Господи… ведь она… некрасива…
Как неожиданно, как справедливо!.. Какая возмутительная смелость и власть!.. Каким чудом на это решиться?..
Он не ощущал внезапно полегчавшего тела. Сознание собственного ничтожества окрылило его. Жизнь представлялась бесконечно прекрасной.
Мимоходом, случайно, по временам он улавливал это новое настроенье в душе, оно радовало и пугало его, и плевать ему было на старость, на козни судьбы, он иронизировал над своей осторожностью, и посмеивался над недавней беспредметной хандрой, и вздрагивал от прежних суеверных предчувствий, и норовил проанализировать самые корни своего ликования, однако же, странно: ни ирония, ни предчувствия, ни анализ на этот раз не помогали ему.
В нем кипела и сила, и страсть, и энергия жизни, увлекая его черт знает куда. Он чувствовал себя молодым и красивым. Казалось, любую из женщин он мог бы мгновенно очаровать. Он последний грош без раздумий готов был швырнуть в пасть ненасытной рулетки. Он мог бы, он мог бы…
И тут он прибавил, скорей по привычке, с ядовитой ухмылкой:
– … прыгнуть выше своей головы.
И точно раскрыл открытые, ничего не видевшие глаза.
Перед ним стоял невысокий мужчина в темном, глухо застегнутом сюртуке. Серое худое лицо окаменело и всё дрожало от напряжения. Невысокий, туго собранный лоб закрыт был дворянской фуражкой с белым потертым, словно захватанным верхом. Карие глаза тяжело, неподвижно глядели перед собой.
Хорошенькая женщина вела его под руку. Стройную фигуру облекало дорогое белое элегантное несвежее платье. В небольших розовых ушках качались и сверкали разноцветной росой бриллианты. С тонкой точеной шеи падали на грудь жемчуга. Ч широкого поля соломенной низенькой шляпки свисал толстый букет увядающих роз. Пухлые яркие губки были капризно надуты. Она что-то резко и громко по-русски выговаривала мужчине.
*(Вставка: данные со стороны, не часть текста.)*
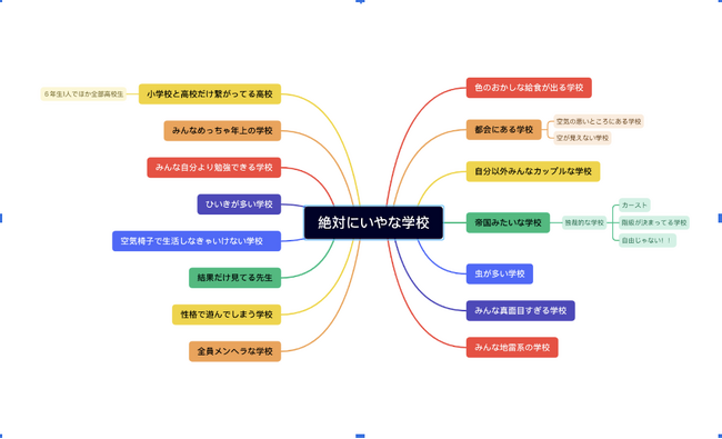 「独裁者がいる帝国のような学校」、「空気椅子で生活しなければいけない学校」、「色のおかしな給食が出る学校」など、自分の経験からだったり、ユニークなアイデアを話している中でたくさん出してくれました。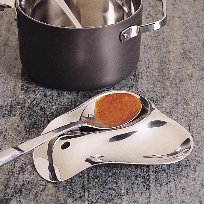 Mirror finish 18/8 stainless steel double spoon rest measures 6-1/4" wide, 7" long and is dishwasher safe.

Мужчина явственно сдерживал себя последним усилием воли, но продолжал внимательно и бессильно слушать её.
А та была босиком, некрасива…
Иван Александрович с полминуты усиленно припоминал, кто могли быть эти давно и отлично знакомые лица, и, лишь подумав об этом, пристально и тоже с немым ожиданием глядя на них, узнал и того и, конечно, другую.
Это были Некрасов и Авдотья Панаева.
Иван Александрович, по привычке неторопливо, поднялся, вежливо приподнял свою круглую шляпу.
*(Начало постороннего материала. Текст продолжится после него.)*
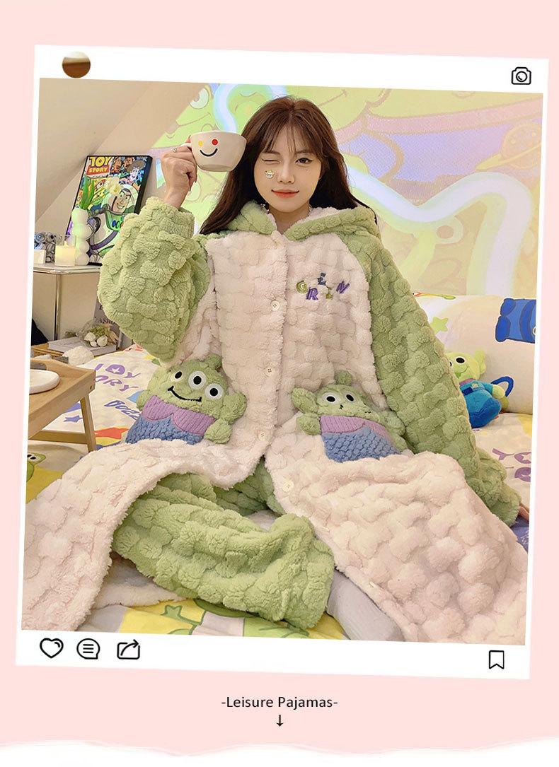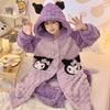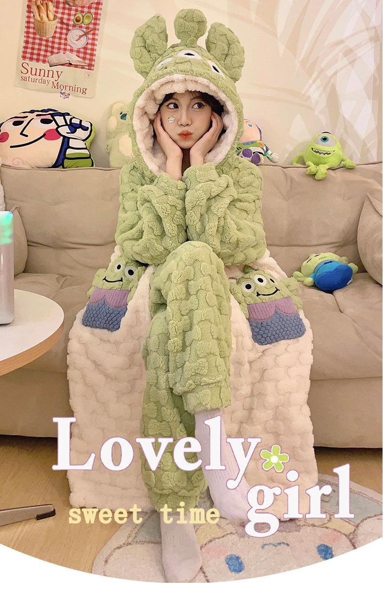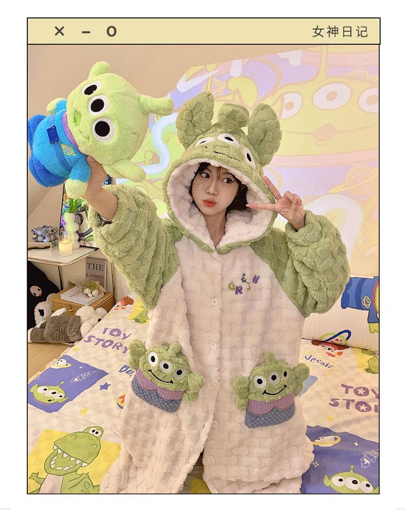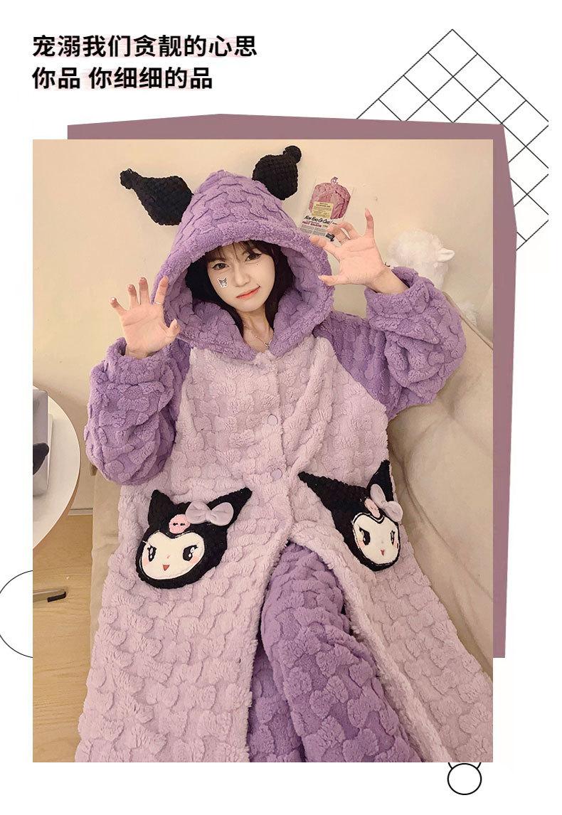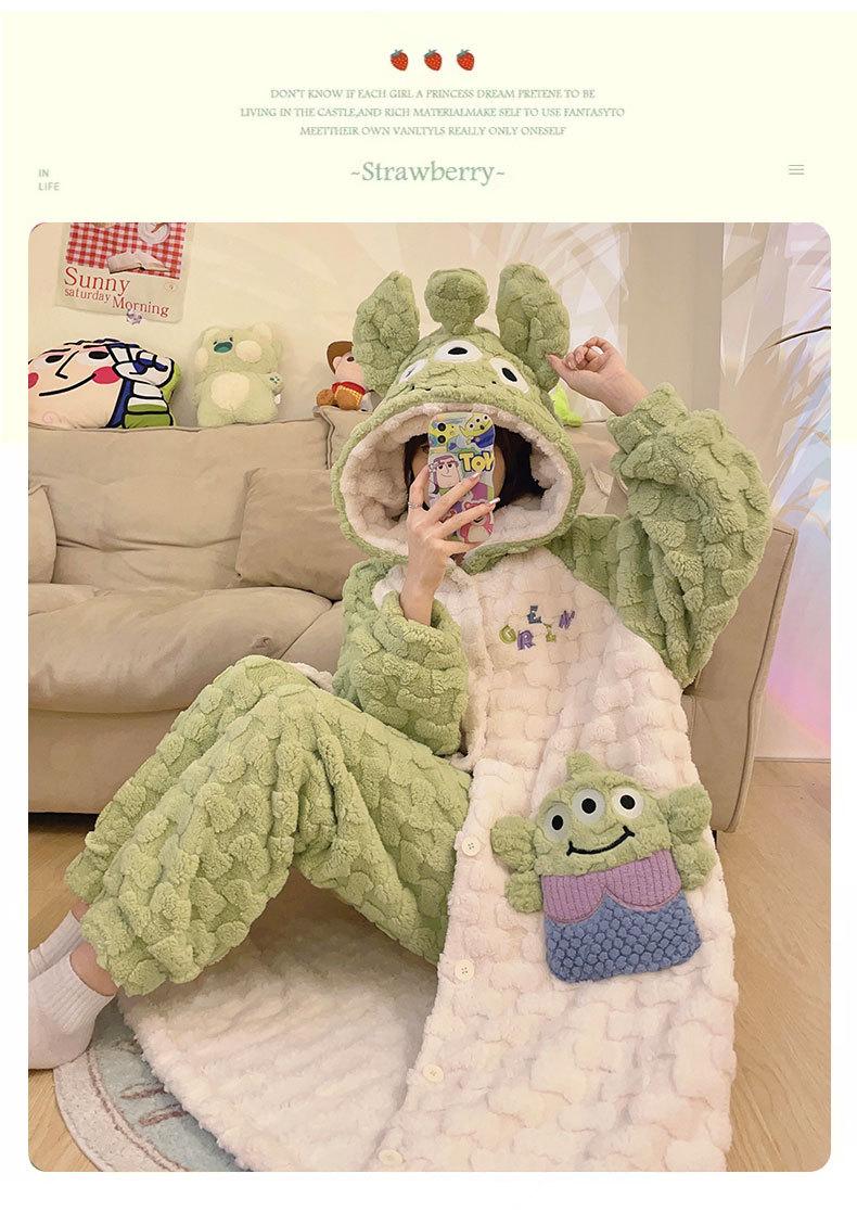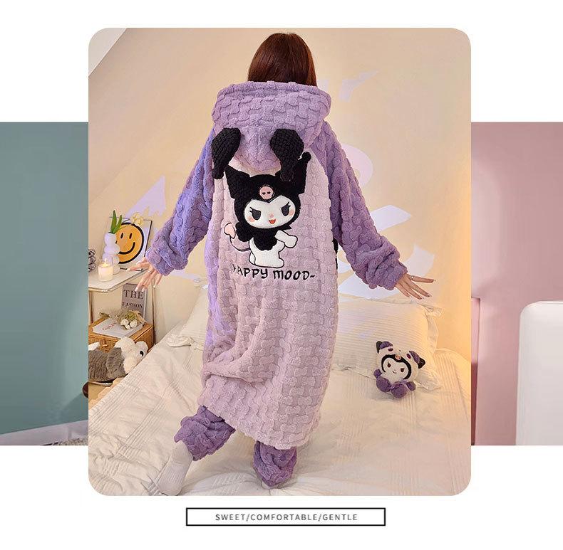 Pijama de lana coral para mujer, otoño e invierno, bonito albornoz grueso con forro polar, camisón largo de franela para el hogar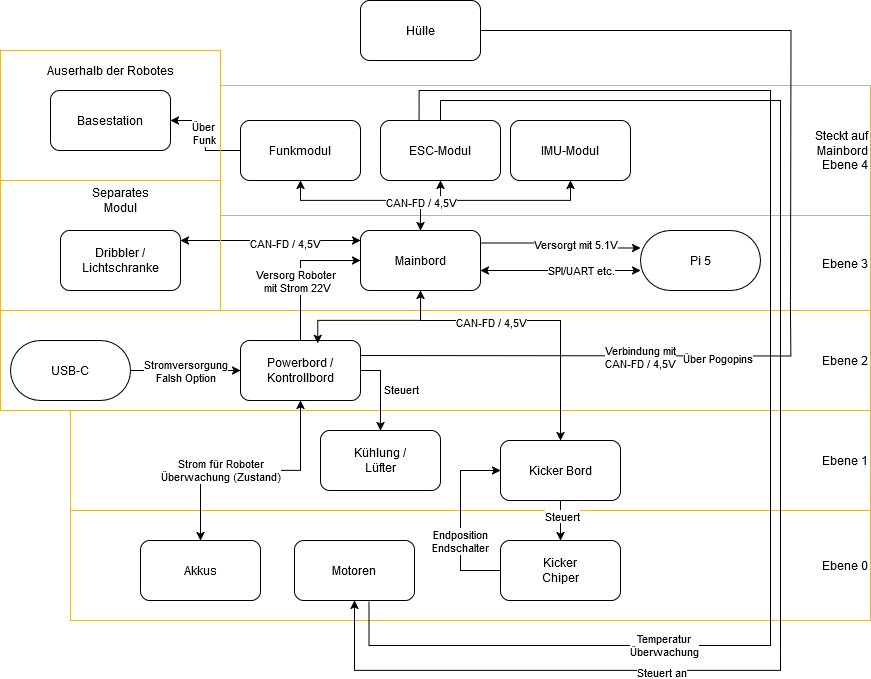 Normale Kästchen stehen für eigene Module bzw. Platinen, die aktuell in Entwicklung sind. Unten befindet sich eine Übersicht mit den zuständigen Personen sowie der groben Funktionalität der einzelnen Module. Die Überschriften führen direkt zu den detaillierten Beschreibungen der jeweiligen Module.

Некрасов крепко стиснул его мягкую руку, и по едва уловимому блеску сумрачных глаз Иван Александрович угадал, что Николай Алексеевич готов упасть в объятия человека, которого в Городе не подпускал к себе ближе почти равнодушного, вежливого приятельства.
Голос Некрасова, всегда тихий, глухой, прозвучал яснее и чище обыкновенного, однако по-прежнему мало чем отличался от натужного шепота:
– Иван Александрыч, отец родной, будь благодетель, выручи, брат!
И с силой потянул к себе его недоуменную руку:
– Авдотья Яковлевна выговаривает за мой способ вояжировать по этим, черт, заграницам. Языков я не знаю ни зги, смолоду не обучен-с отцом-с. Чтобы толку добиться с проклятыми немцами, открываю широко кошелек. Отлично, ироды, понимают этот язык, успевай только глазом моргнуть. Ну, понятное дело, ей мой способ изъясняться по-ихнему представляется слишком накладным. И права, я же ей говорю, что права: совершенно разорили, канальи.
Выпустил руку, приблизил сумрачное лицо:
– Хоть ты, отец, попереводи для спасения капиталов, а уж я заслужу, заслужу.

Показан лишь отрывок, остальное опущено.